In the "What I want" I have by hand converted the TEXT into Numbers. It's an option behind the "green triangle" in the "What I get" Part (red arrows).

enter image description here

@Roland's comment: Rearranging as list does not work.

df1<- as.data.frame(cbind(A=list(1,NA_real_,"pvalue",0.0003),B=list(0.5,7,"I destroy","numbers all day")))
openxlsx::write.xlsx(df1,"Test2.xlsx")
Andre Elrico
  • 8,959
  • 1
  • 37
  • 61
  • You will not be able to convert the 1 and 7 to numbers since they are in a `char` variable – SmitM Aug 27 '18 at 13:58
  • maybe I can setup my df1 differently. – Andre Elrico Aug 27 '18 at 14:01
  • I think you would need to make sure that the columns always contain the same data type. This means store all the numbers in one column and the text in another one. – hannes101 Aug 27 '18 at 14:02
  • That is not possible. Its for an report formatting is important and a mix von num and char is needed. – Andre Elrico Aug 27 '18 at 14:05
  • If it's just for reporting and not calculations, why does it matter if it's character or numeric format, as long as the numbers shown are correct, no? – acylam Aug 27 '18 at 14:09
  • 1
    Maybe I was not precise with the word "report". Its an output I deliver, that should look nice and have meaningful cell types and others can directly continue on working. – Andre Elrico Aug 27 '18 at 14:12
  • 2
    In a data.frame each column can hold only exactly one data type. If that doesn't work for you, you can't use a data.frame. You could use a list of lists instead (which is not nearly as convenient). I agree with the comment above, rearrange your data. Data analysis and data reporting are two distinct tasks. You can't let the latter limit how you do the former. – Roland Aug 27 '18 at 14:17
  • You should probably just use a "tidy" data.frame and write some kind of report generator that transfers the data to Excel in the desired arrangement. – Roland Aug 27 '18 at 14:18
  • Instead of writing the data with write.xlsx in one go, start using writeData. Then you can specify where the data on the sheet needs to go and if you read the formatting vignette you can format those individual sections to your own taste. But as @Roland says, you should work in a tidy format, because if you transfer character numbers to excel you can't transform them to numbers except in excel. – phiver Aug 27 '18 at 14:32
  • A nice article about working with excel in R can be found here: https://www.r-bloggers.com/writing-from-r-to-excel-with-xlsx/ . As you can see, you can format each cell seperately. If it is always the same format that you need, it might be a good idea to give it a try. – Arno Aug 27 '18 at 15:15

3 Answers3

4

I wrote a small piece of code following the suggestions of @Roland and @phiver. It starts with a tidy data.frame (to preserve the data type of each cell) and save values one by one:

library(openxlsx)
df1<- as.data.frame(cbind(A=list(1,NA_real_,"pvalue",0.0003),B=list(0.5,7,"I destroy","numbers all day")))

wb <- createWorkbook()
sheet.name <- 'test'
addWorksheet(wb, sheet.name)

for(i in seq_along(df1)){
    writeData(wb, sheet = sheet.name, names(df1)[i], startCol = i, startRow = 1)
    icol <- df1[[i]]
    for(j in seq_along(icol)){
        x <- icol[[j]]
        writeData(wb, sheet = sheet.name, x, startCol = i, startRow = j + 1)
    }
}
saveWorkbook(wb, file = "Test.xlsx")

enter image description here

Hope this works for your data.

mt1022
  • 15,027
  • 4
  • 36
  • 59
3

thanks @mt1022 added the validator to let 000123 stay 000123 in the helpers function part

A solution that can do what openxlsx::write.xlsx() can do + "finding meaningful types".

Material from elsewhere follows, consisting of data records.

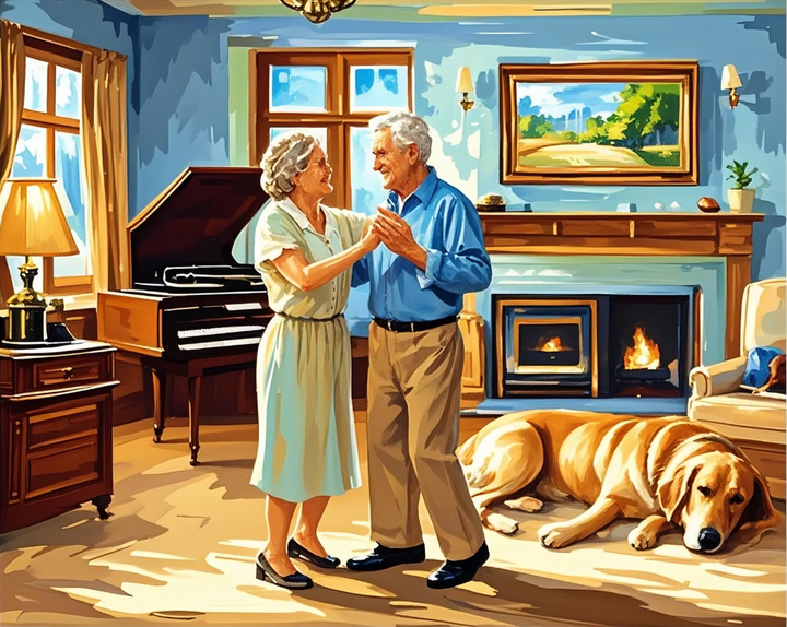 Diamond Painting:Golden Years Waltz A Cozy Dance by the Fireplace with Loyal
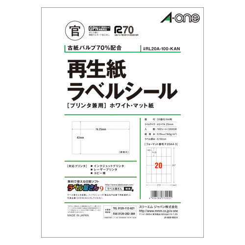 エーワン 再生紙ラベル プリンタ兼用 マット紙 A4 20面 100枚 RL20A-100-KAN
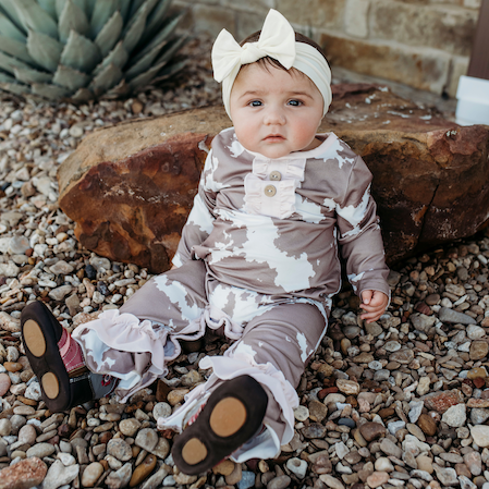 Brown Cowprint LS Romper (0M-2T)
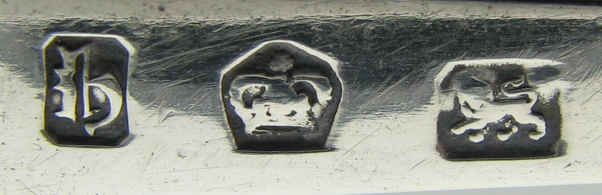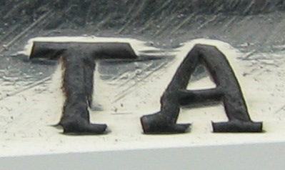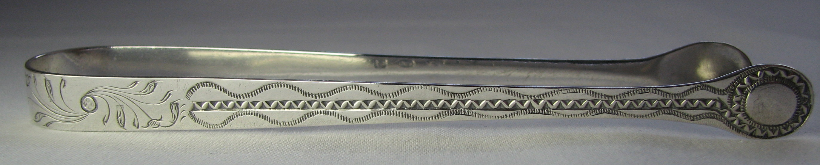 Thomas Allen registered two marks on October 23rd 1777 as a Plate-worker. One was incuse and one standard. These tongs are superb quality bright cut tongs and are dated 1777, when he registered his mark. They have lovely clear marks. Click on a picture to see more details |
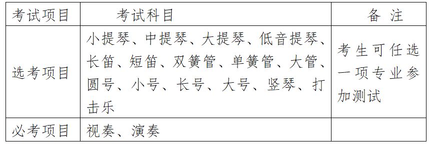 (其中管弦乐包括小提琴、中提琴、大提琴、低音提琴、长笛、短笛、双簧管、单簧管、大管、圆号、小号、长号、大号、竖琴、打击乐;美术包括绘画和书法)
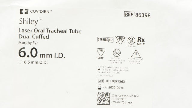 - Covidien 86398 Shiley Laser Oral Tracheal Tube Dual, Cuffed 6.0 ID x 8.5mm OD(x)
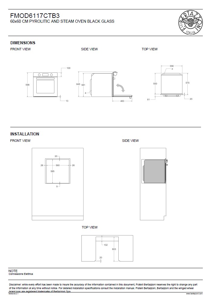 Cavità forno Volume totale 76 L Misura 60 cm Alimentazione forno elettrico Tipo forno total steam / pirolitico Tipo grill forno elettrico Livelli di cottura 5 Programmi di cottura pre-impostati Bertazzoni Assistant Modi cottura: Bertazzoni Assistant / clean / convezione / elettrico ventilato / funzioni speciali / grill / grill ventilato / pre-riscaldamento veloce / resistenza inferiore / resistenza superiore e inferiore / total steam / turbo Funzioni speciali: eco / scongelamento / mantenimento calore / disidratazione / lievitazione / sabbath Volume forno 76 L Comandi forno touch TFT display Tipo porta quadruplo Vetro interno removibile sì Finitura cavità smalto grigio pirolitico Timer: fine cottura / inizio cottura / tempo cottura Sonda carne sì Cerniere ammortizzata Air fryer sì Guide telescopiche 1 Griglie forno 1 heavy duty inox Vassoio 1 vapore inox + 1 smaltato + 1 profondo smaltato + 1 griglia vassoio + 1 cestello air fry Luce forno doppio Sistema autopulente hydro cleaning (funzione vapore) e Pyrolitic cleaning (funzione eco)
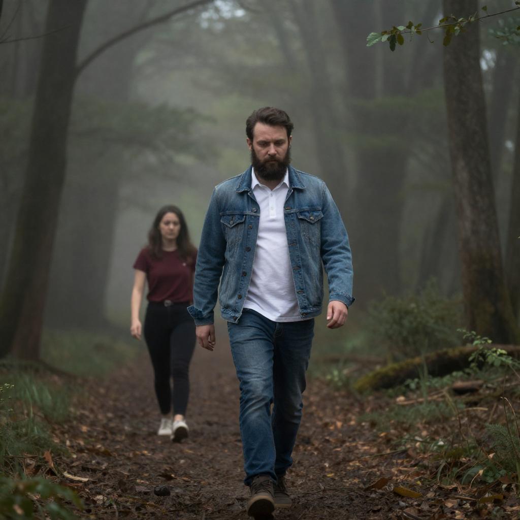 Photograph of a misty forest. A bearded man with dark hair, wearing a blue denim jacket over a white shirt and jeans, walks forward. In the background, a woman with long hair in a red shirt and dark pants follows. Dense trees and fog create a mysterious atmosphere.
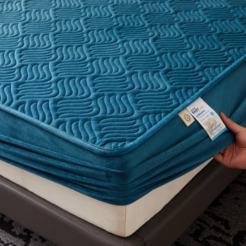 Plush Thicken Quilted Mattress Cover Warm Soft Crystal Velvet King Queen Quilted Bed Fitted Sheet Not Including Pillowcase
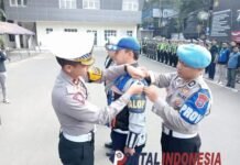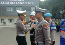 Kasat Lantas Polresta Malang Kota, Kompol Aristianto Budi Sutrisno menyematkan tanda pita kepada anggota yang terlibat dalam Operasi Keselamatan...

function: (its 98% openxlsx::write.xlsx)

writeXlsxWithTypes <- function(x, file, asTable = FALSE, ...) {
    library(magrittr);library(openxlsx);

    if(T) {
        setTypes <- function(x) {
            x %<>%
                lapply(function(xX){
                    lapply(xX ,function(u) {
                        if(canConvert(u)) { type.convert(as.character(u), as.is = TRUE) } else { u }
                    })
                }) %>% do.call(cbind, .) %>% as.data.frame
        } #types fun

        validateBorderStyle <- function(borderStyle){


            valid <- c("none", "thin", "medium", "dashed", "dotted", "thick", "double", "hair", "mediumDashed", 
                       "dashDot", "mediumDashDot", "dashDotDot", "mediumDashDotDot", "slantDashDot")

            ind <- match(tolower(borderStyle), tolower(valid))
            if(any(is.na(ind)))
                stop("Invalid borderStyle", call. = FALSE)

            return(valid[ind])

        }

        validateColour <- function(colour, errorMsg = "Invalid colour!"){

            ## check if
            if(is.null(colour))
                colour = "black"

            validColours <- colours()

            if(any(colour %in% validColours))
                colour[colour %in% validColours] <- col2hex(colour[colour %in% validColours])

            if(any(!grepl("^#[A-Fa-f0-9]{6}$", colour)))
                stop(errorMsg, call.=FALSE)

            colour <- gsub("^#", "FF", toupper(colour))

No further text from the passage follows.